Risk score, explained
The CVSS 3.1 score of 8.3 reflects: high confidentiality, integrity, and availability impact (sandbox escape allows reading/writing files and executing code); network-based attack vector (delivered via crafted HTML); high attack complexity (requires prior renderer compromise); requirement for user interaction (clicking a malicious link); and changed scope (escape from sandboxed process to system-level access). The score accurately captures the severity but does not weight the reduced likelihood of in-the-wild exploitation without a prior renderer vulnerability, which security teams should factor into their timeline planning.
Frequently asked questions
Do I need to have been attacked before to be vulnerable?
No. The vulnerability itself is in Chrome. However, the attacker must first compromise your Chrome renderer process (e.g., by tricking you into visiting a malicious website with a separate vulnerability, or via social engineering), and then use this integer overflow to escape the sandbox. So there is a two-step requirement, but both steps are enabled by remote actions.
Is this vulnerability being actively exploited?
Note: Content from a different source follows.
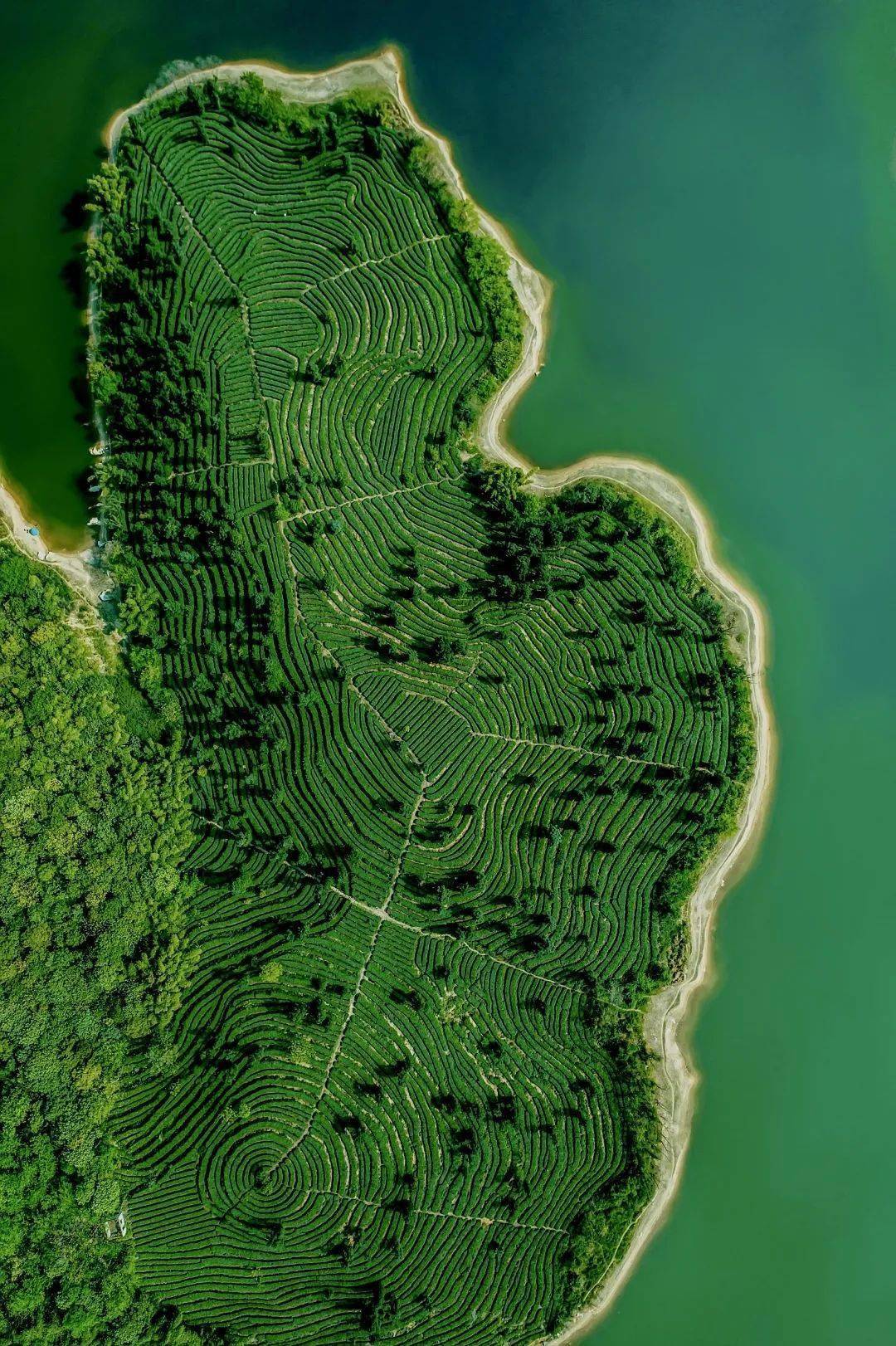 而在四川德阳,农民种植的茶树似一条条绿色的丝带,将茶山环绕。

As of the last update, this vulnerability has not been added to the CISA Known Exploited Vulnerabilities (KEV) catalog, suggesting no widespread active exploitation has been publicly confirmed. However, sophisticated actors may be testing or using it in targeted campaigns. Do not let the lack of public exploitation reports delay your patching timeline—sandbox escapes are high-value targets.
What should I prioritize if I cannot patch all machines immediately?
Prioritize systems used by high-risk users (executives, financial staff, remote workers accessing sensitive systems) and any machines running business-critical applications that frequently visit untrusted websites. Deploy the patch to these cohorts first, then roll out to the broader user base within 72 hours.
If I'm already using the latest Chrome version, am I safe?
If your version is 148.0.7778.216 or higher, yes, you are protected against this specific flaw. However, always keep Chrome updated to the latest version, as new vulnerabilities are discovered regularly.
This analysis is provided for informational purposes and does not constitute legal, compliance, or professional security advice. Verify all patch version numbers and compatibility requirements against official Google Chrome and vendor advisories before deployment. Organizations must conduct their own risk assessment and testing prior to applying patches in production environments. SEC.co makes no warranty regarding the completeness or accuracy of this intelligence and assumes no liability for downstream security decisions based on this content. Source: NVD (public-domain), retrieved 2026-07-07. Analysis generated by SEC.co (claude-haiku-4-5).